В концовке статьи Джона Уэбстера о Барте и постмодернистской антропологии я обнаружил программу для богословия будущего, которая срезонировала с моими собственными идеями. Надо сказать, что выводы Уэбстера никак, на мой взгляд, не вытекают из основной части статьи, где он описывает антропологию Барта. Но это не лишает их ценности!
Прошу прощения за то, что не перевел на русский - просто нет времени. Кратко программа для богословия будущего выглядит так:
1. Реализм. Бог реален. Бог есть. Идеализм и номинализм ошибаются.
2. Экзегезис - основной инструмент богословия. Изучение Священного Писания как свидетельства о Божьем откровении. Изучение в свете богословского наследия.

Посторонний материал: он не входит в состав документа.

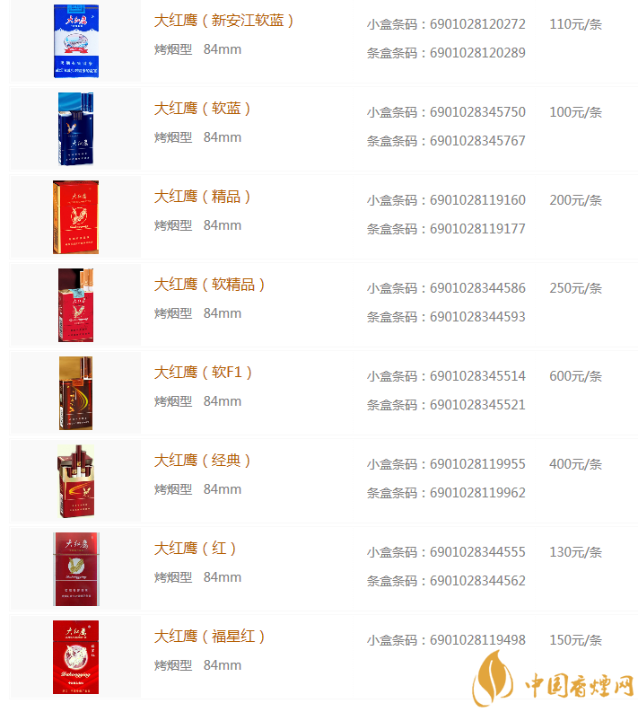 以上就是由香煙網(wǎng)小編為大家整理盤點(diǎn)的大紅鷹香煙價(jià)格表圖片的相內(nèi)容,希望為大家提供幫助。相信通過上述內(nèi)容的介紹,大家對(duì)大紅鷹香煙的價(jià)格有了了解。想查詢更多香煙價(jià)格,請(qǐng)關(guān)注我們!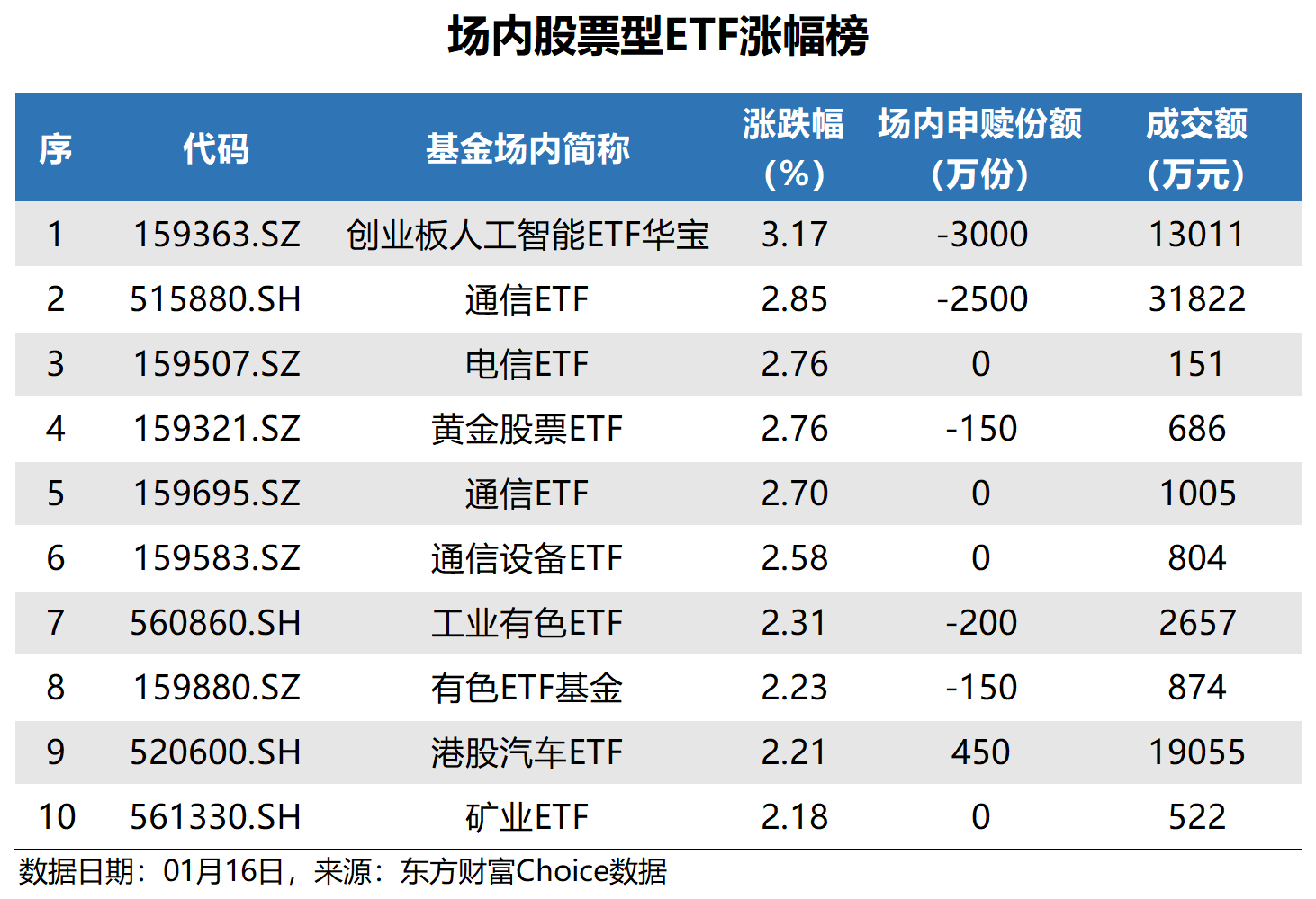 数据显示,昨日场内股票型ETF中,创业板人工智能ETF华宝、通信ETF、电信ETF涨幅居前。其中,创业板人工智能ETF华宝涨幅最大,为3.17%。

3. Будущее богословие в том, чтобы заниматься богословием: спокойно, радостно, смиренно, с удивлением, покаянием, настойчивостью, надеждой.
First, I am unconvinced that Christian theology
can long survive after we have silenced the questions which arise from the
impulse which I would call metaphysical. That is, Christian theology involves
claims about the substance of the world, its givenness and its purpose or
character. Nominalism or pure idealism serve Christian theology no better than
the wrong sort of realism, which postmodern thinkers have been quick to
identify as the corruption of the Western theological tradition. Christian realism will have some strongly
determinative features which will not allow it to dovetail neatly with other
kind of realism – features which are derived from the kinds of claims made by
Christian faith about the nature and purpose of the self-manifesting God and
the modes of his activity in the world. But, if these features teach us caution
about being over fluent in our speech of God’s reality, they do not counsel
pure irony, or the kind of silence before God which is all too easily an empty
space to be filled in by all manner of projections. Seeing, knowing, speaking
are intrinsic to Christian faith, and without them neither its dogmatics nor
its ethics would have any real bulwark against the riot of the imagination.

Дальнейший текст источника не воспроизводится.